** Supplied records follows **
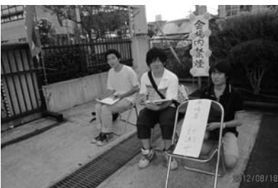
来場者をカウントする

模擬店の殆どが大盛況のうちには完売しました。上鶴間高校が授業でのケースメソッドとして今年特徴的だったことは、祭りの実行委員会に、上鶴間高校の学生さんが加わったことです。「アントレプレナーシップ教育」という授業の一環だ
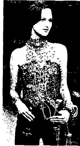
<그림 13> Gap, '95 S/S, p.68

에스닉한 로맨틱시즘의 특징 가운데 또 하나는 상징적이고 신비로운 원시적인 모티브를 도입한 경향에서도 보여진다. <그림 14>는 '96-'97 A/W에 발
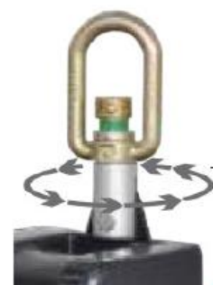
Testigo de caída
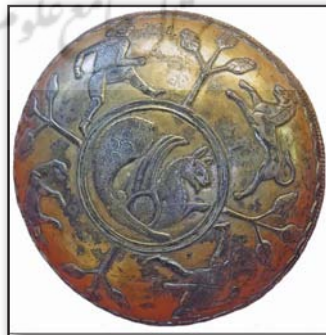
تصویر ۲. ظرف سیمین زرانود، صحنه‌های شکار و نقش سیمرغ ساسانی در وسط، مدالیون، آخر قرن ششم میلادی، موزه ارمنیاز، سن پترزبورگ.

Fig 3. Portray of Sassanid Simurgh on interior wall of a church in Armenia.
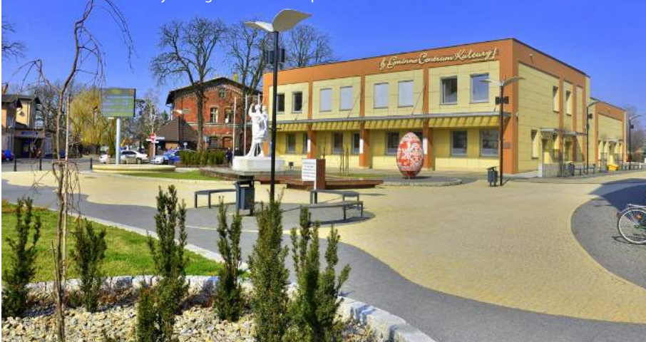
Gminne Centrum Kultury w Gogolinie.

Jednak za największy sukces minionego 5-lecia uważam fakt, że nie spoczęliśmy na laurach. Te wszystkie małe czy większe sukcesy, nagrody, wyróżnienia czy wysokie lokaty w rankingach tylko napędzają nas do dalszego działania – nie stanowią celu samego w sobie. Nie poprzestajemy na tym, co osiągnęliśmy dotychczas, z pokorą przyglądamy się dynamicznie zmieniającym się potrzebom i oczekiwaniom mieszkańców i inwestorów. Prawdziwy sukces tkwi nie w zdobywaniu wyróżnień, ale przede wszystkim w konsekwentnej pracy dla lepszej przyszłości.
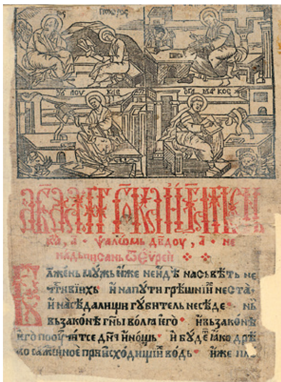
Сл. 2. Четворица јеванђелиста с натписима на грчком, Псалтир с њоследовањем , 1561. година, НБС, И 51, л. 5а
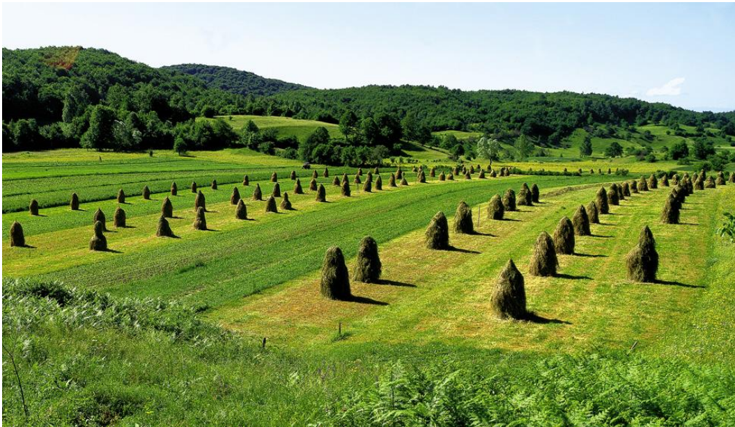
Slika 2 - Stogovi sijena na Žumberku
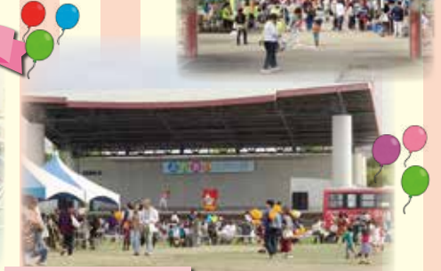
ふれあいステージ
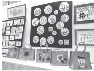
▲絵手紙サークルの作品
** End of Supplied records **
- _Aim of the exercise_
Output every entry exactly as given; pictures are not part of the copy.

- _Written solution_
来場者をカウントする

模擬店の殆どが大盛況のうちには完売しました。上鶴間高校が授業でのケースメソッドとして今年特徴的だったことは、祭りの実行委員会に、上鶴間高校の学生さんが加わったことです。「アントレプレナーシップ教育」という授業の一環だ
<그림 13> Gap, '95 S/S, p.68

에스닉한 로맨틱시즘의 특징 가운데 또 하나는 상징적이고 신비로운 원시적인 모티브를 도입한 경향에서도 보여진다. <그림 14>는 '96-'97 A/W에 발
Testigo de caída
تصویر ۲. ظرف سیمین زرانود، صحنه‌های شکار و نقش سیمرغ ساسانی در وسط، مدالیون، آخر قرن ششم میلادی، موزه ارمنیاز، سن پترزبورگ.

Fig 3. Portray of Sassanid Simurgh on interior wall of a church in Armenia.
Gminne Centrum Kultury w Gogolinie.

Jednak za największy sukces minionego 5-lecia uważam fakt, że nie spoczęliśmy na laurach. Te wszystkie małe czy większe sukcesy, nagrody, wyróżnienia czy wysokie lokaty w rankingach tylko napędzają nas do dalszego działania – nie stanowią celu samego w sobie. Nie poprzestajemy na tym, co osiągnęliśmy dotychczas, z pokorą przyglądamy się dynamicznie zmieniającym się potrzebom i oczekiwaniom mieszkańców i inwestorów. Prawdziwy sukces tkwi nie w zdobywaniu wyróżnień, ale przede wszystkim w konsekwentnej pracy dla lepszej przyszłości.
Сл. 2. Четворица јеванђелиста с натписима на грчком, Псалтир с њоследовањем , 1561. година, НБС, И 51, л. 5а
Slika 2 - Stogovi sijena na Žumberku
ふれあいステージ
▲絵手紙サークルの作品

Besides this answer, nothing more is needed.